The Columbia Scholastic Press Association seal.
Four Octagon staffers won Gold Circle awards on April 11. The awards are granted by the Columbia Scholastic Press Association (CSPA), an international student press association affiliated with Columbia University in New York City that hosts conferences, writes textbooks, offers critiques and judges contests.
The 2016-17 Octagon also won a CSPA Silver Crown in the hybrid (newspapers with print and online editions) category. Crown awards, decided by a panel of judges, are “the highest recognition given by the CSPA to a student print or digital medium for overall excellence,” according to the CSPA website.
Among the Gold Circle winners were former staffers print editor-in-chief Marigot Fackenthal, ’17, and page editor and blogger Nicole Wolkov, ’17, current print editor-in-chief senior Annya Dahmani and current online editor-in-chief junior Chardonnay Needler.
Octagon adviser Patricia Fels said that the Octagon has won many Gold Circle awards over the years.
According to her, they’re hard to win because there are only six awards in each category: First, Second and Third Place and three Certificates of Merit (honorable mention).
In addition, CSPA member newspapers can submit multiple entries in each category; the Octagon submitted 60 entries.
Fackenthal won a Certificate of Merit (CM) award in Editorial writing for an editorial headlined, “Don’t Allow Students Access to Online Grades.”
In the editorial, Fackenthal argued that all of a student’s grades on CavNet should not be released to their parents.
“Parents forcing their way into their child’s life is something I dealt with because I had parents that helicoptered,” Fackenthal (now a freshman at Cornell University in Ithaca, New York) said.
“It leads to an unhealthy mindset for parents that focus on every one of the kid’s grades and creates an unhealthy mindset for the kid who’s being helicoptered.”
Fackenthal said she was surprised she had won, as she said she thought there were better editorials last year, such as the one about the International students, which was chosen as one of the 10 best editorials in the nation by the National Scholastic Press Association. The only reason she could think of was that the subject was a modern issue.
Whereas parents were the focus of Fackenthal’s editorial, college admissions were the topic of Wolkov’s Third Place blog in general or humor commentary, “Nicole’s Ponderings: Need Answers for College Questions? Try These!”
This piece was full of common questions seniors are asked on college applications with satirical answers.

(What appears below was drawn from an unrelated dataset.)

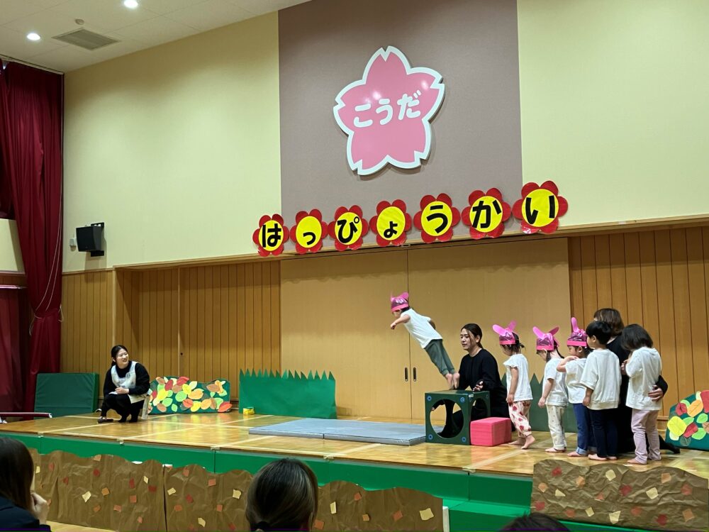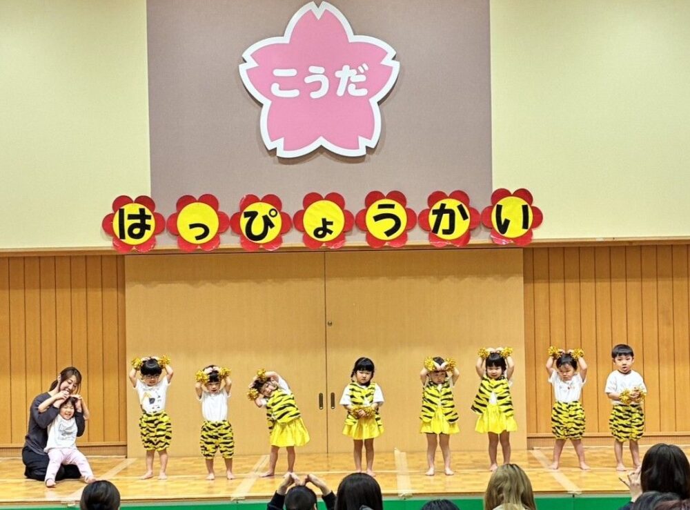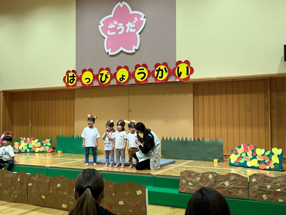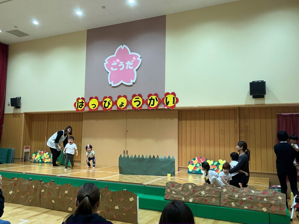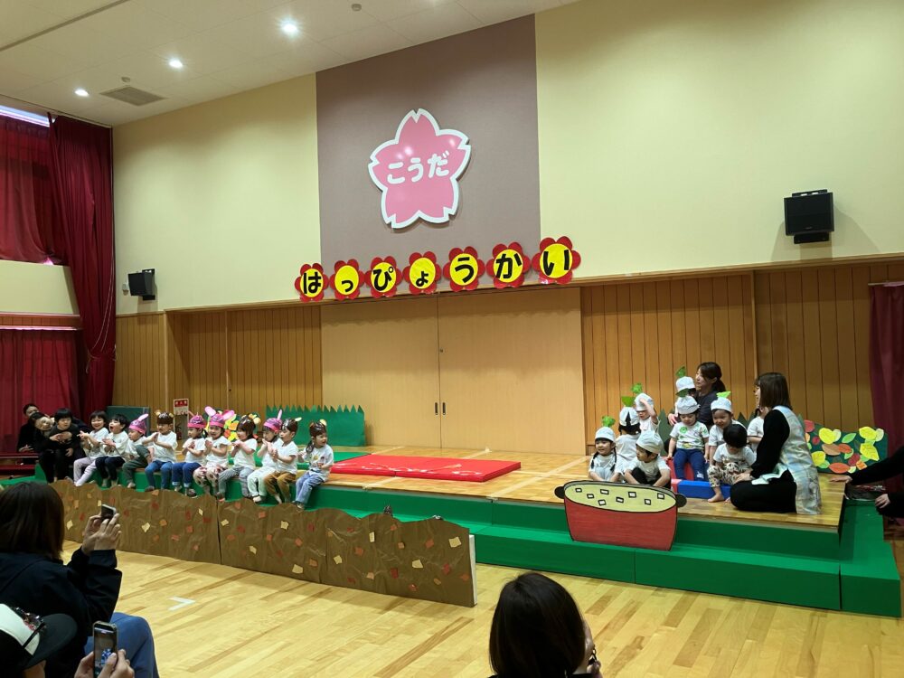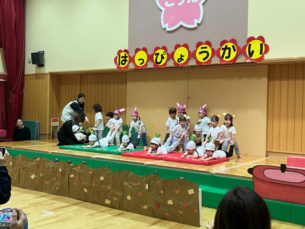 今日は2歳児の発表会がありました。劇ごっこでは「大きなかぶ」を、リズムあそびでは「ラムのラブソング」「ワイワイワールド」を発表しました。たくさんのお客さんを前にドキドキワクワクの子どもたち。いろんなかわいい表情がみられ、どの子も最後まで頑張って発表することができました。温かい拍手もたくさんいただき、ニコニコな子どもたちでした。

One joke was that the University of Somalia was Wolkov’s dream pick because, “I want a thrilling college experience living on the edge in a lawless state of anarchy.”
Wolkov (now a freshman at George Washington University in Washington, D.C.) said she liked seeing that other people found her funny.
“I don’t normally expect other people to find what I find funny, so it’s great when they do,” Wolkov said.
She said that many seniors are tired of the same questions on college applications, so most of them have prepared answers. She said she thought it’d be funny to write what all seniors wished they could say.
Dahmani wrote her CM-winning feature story on male ballerinas.
According to Dahmani, the story was rewritten about three times because she couldn’t find an interesting angle.
“At first, the angle was solely about (then-freshman) Jackson (Margolis) and what it’s like to be a male ballerina,” Dahmani said. “But then after turning in the story, it seemed that it would be better if it was more about the stigma of being a male ballerina and the difference between male ballet and female ballet.”
Another CM winner was Needler in the general or humor category with her My Angle headlined “Illegal PSAT Memes Provide Hilarious Entertainment for Teens Across the Country.”
She said she wrote it simply out of a “love of memes.”
“(PSAT memes were) something I found interesting because I’d never taken a standardized test before,” Needler said.
“When I got home, I found all these memes on the internet about a test we weren’t supposed to talk about. Were these illegal memes?”
The memes (or jokes) on the internet are technically illegal because students sign a form pledging not to discuss test questions or content before taking the PSAT.
Unlike Dahmani, who wrote her story in multiple drafts, Needler and Wolkov both said they wrote theirs relatively quickly.
Needler said that her winning proved “the judges appreciate good memes.”